Princesses Behaving Badly: Real Stories from History Without the Fairy-Tale Endings
Author: Linda Rodriguez McRobbie
Genre:  Nonfiction, History, Biography
Publisher: Quirk Books
Release Date: 2013
Pages: 303
Source: My State Public Library
Synopsis: You think you know her story. You’ve read the Brothers Grimm, you’ve watched the Disney cartoons, you cheered as these virtuous women lived happily ever after. But the lives of real princesses couldn’t be more different. Sure, many were graceful and benevolent leaders—but just as many were ruthless in their quest for power, and all of them had skeletons rattling in their royal closets. Princess Stephanie von Hohenlohe was a Nazi spy. Empress Elizabeth of the Austro-Hungarian empire slept wearing a mask of raw veal. Princess Olga of Kiev murdered thousands of men, and Princess Rani Lakshmibai waged war on the battlefield, charging into combat with her toddler son strapped to her back. Princesses Behaving Badly offers minibiographies of all these princesses and dozens more. It’s a fascinating read for history buffs, feminists, and anyone seeking a different kind of bedtime story.

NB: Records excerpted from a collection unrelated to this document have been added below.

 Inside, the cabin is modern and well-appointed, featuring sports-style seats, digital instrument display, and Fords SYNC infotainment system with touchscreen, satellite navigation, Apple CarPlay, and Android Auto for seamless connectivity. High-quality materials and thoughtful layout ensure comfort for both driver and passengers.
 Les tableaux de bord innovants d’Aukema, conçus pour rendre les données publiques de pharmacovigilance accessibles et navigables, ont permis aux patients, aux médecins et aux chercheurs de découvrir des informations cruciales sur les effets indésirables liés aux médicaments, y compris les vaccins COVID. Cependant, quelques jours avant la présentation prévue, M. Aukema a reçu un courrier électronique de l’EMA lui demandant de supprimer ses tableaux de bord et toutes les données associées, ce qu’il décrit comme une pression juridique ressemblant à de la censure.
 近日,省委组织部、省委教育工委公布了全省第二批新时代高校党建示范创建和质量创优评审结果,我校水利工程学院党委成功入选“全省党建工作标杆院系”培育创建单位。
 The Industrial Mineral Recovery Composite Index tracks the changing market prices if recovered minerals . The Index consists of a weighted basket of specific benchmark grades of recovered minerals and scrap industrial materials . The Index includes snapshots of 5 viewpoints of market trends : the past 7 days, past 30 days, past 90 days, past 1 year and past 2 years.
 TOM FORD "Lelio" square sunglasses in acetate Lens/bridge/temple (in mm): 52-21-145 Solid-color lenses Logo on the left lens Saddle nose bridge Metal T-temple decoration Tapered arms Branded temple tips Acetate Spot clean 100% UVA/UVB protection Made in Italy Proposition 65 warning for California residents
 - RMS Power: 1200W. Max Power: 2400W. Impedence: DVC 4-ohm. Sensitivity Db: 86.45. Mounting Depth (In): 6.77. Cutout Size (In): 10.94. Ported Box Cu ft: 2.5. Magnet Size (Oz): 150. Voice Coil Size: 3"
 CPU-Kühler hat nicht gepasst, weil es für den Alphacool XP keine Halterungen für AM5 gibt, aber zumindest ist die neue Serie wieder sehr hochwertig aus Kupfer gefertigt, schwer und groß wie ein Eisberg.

     My Review: Princesses Behaving Badly is a compilations of biographies of real-life princesses. Linda McRobbie uses these biographies to criticize the Disney and fairy tale myth that all princess live happily ever after (though if you’ve read the actual Brothers Grimm fairy tales, a lot of them are dark and gruesome-far from the happily ever after). She also argues that Kate Middleton is not a very lucky woman when she married Prince William as the public easily assumed and believed. These selected princesses that McRobbie uses are not the conventional, dutiful, and by the book good princesses but rather princesses that have stepped out of their conventions and rules of society and caused a great scandal to the shock of the people of their time. Because of this, they made choices that prevented them having a happy life, and some even to be ridiculed among their peers.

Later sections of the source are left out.